» **TRY IT**
Word for word, restate the listing that follows and leave out the images.

» **INFORMATION SUPPLIED**

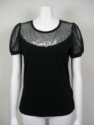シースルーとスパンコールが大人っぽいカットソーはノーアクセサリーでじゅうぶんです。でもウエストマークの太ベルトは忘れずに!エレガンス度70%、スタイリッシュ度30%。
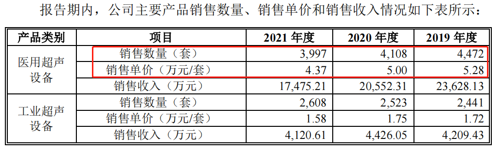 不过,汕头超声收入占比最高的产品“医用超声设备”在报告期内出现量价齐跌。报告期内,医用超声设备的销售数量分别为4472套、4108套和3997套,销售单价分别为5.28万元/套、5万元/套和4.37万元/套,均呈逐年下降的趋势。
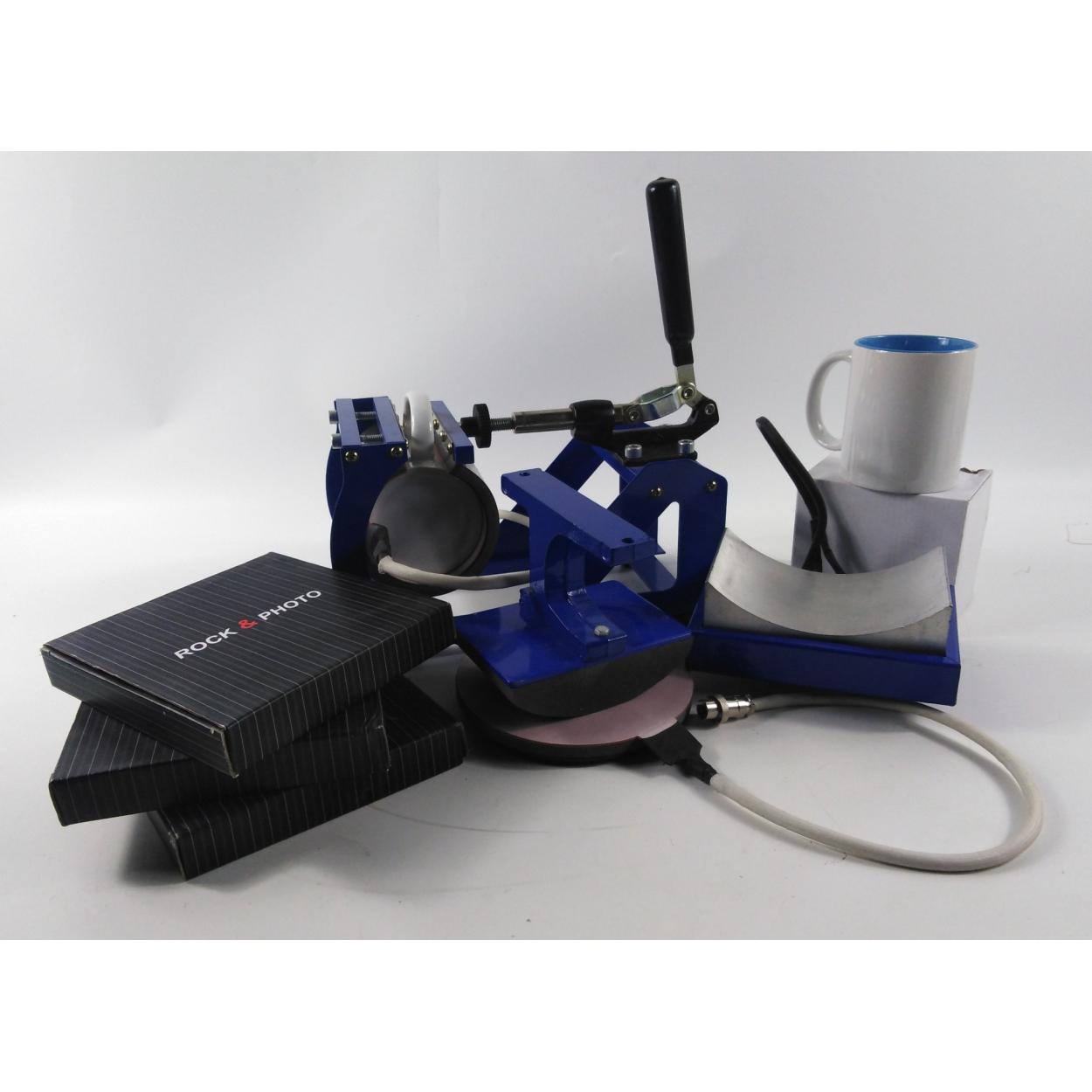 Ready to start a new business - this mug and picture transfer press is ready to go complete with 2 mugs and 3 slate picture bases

» **ANSWER TO THIS EXERCISE**
シースルーとスパンコールが大人っぽいカットソーはノーアクセサリーでじゅうぶんです。でもウエストマークの太ベルトは忘れずに!エレガンス度70%、スタイリッシュ度30%。
 不过,汕头超声收入占比最高的产品“医用超声设备”在报告期内出现量价齐跌。报告期内,医用超声设备的销售数量分别为4472套、4108套和3997套,销售单价分别为5.28万元/套、5万元/套和4.37万元/套,均呈逐年下降的趋势。
 Ready to start a new business - this mug and picture transfer press is ready to go complete with 2 mugs and 3 slate picture bases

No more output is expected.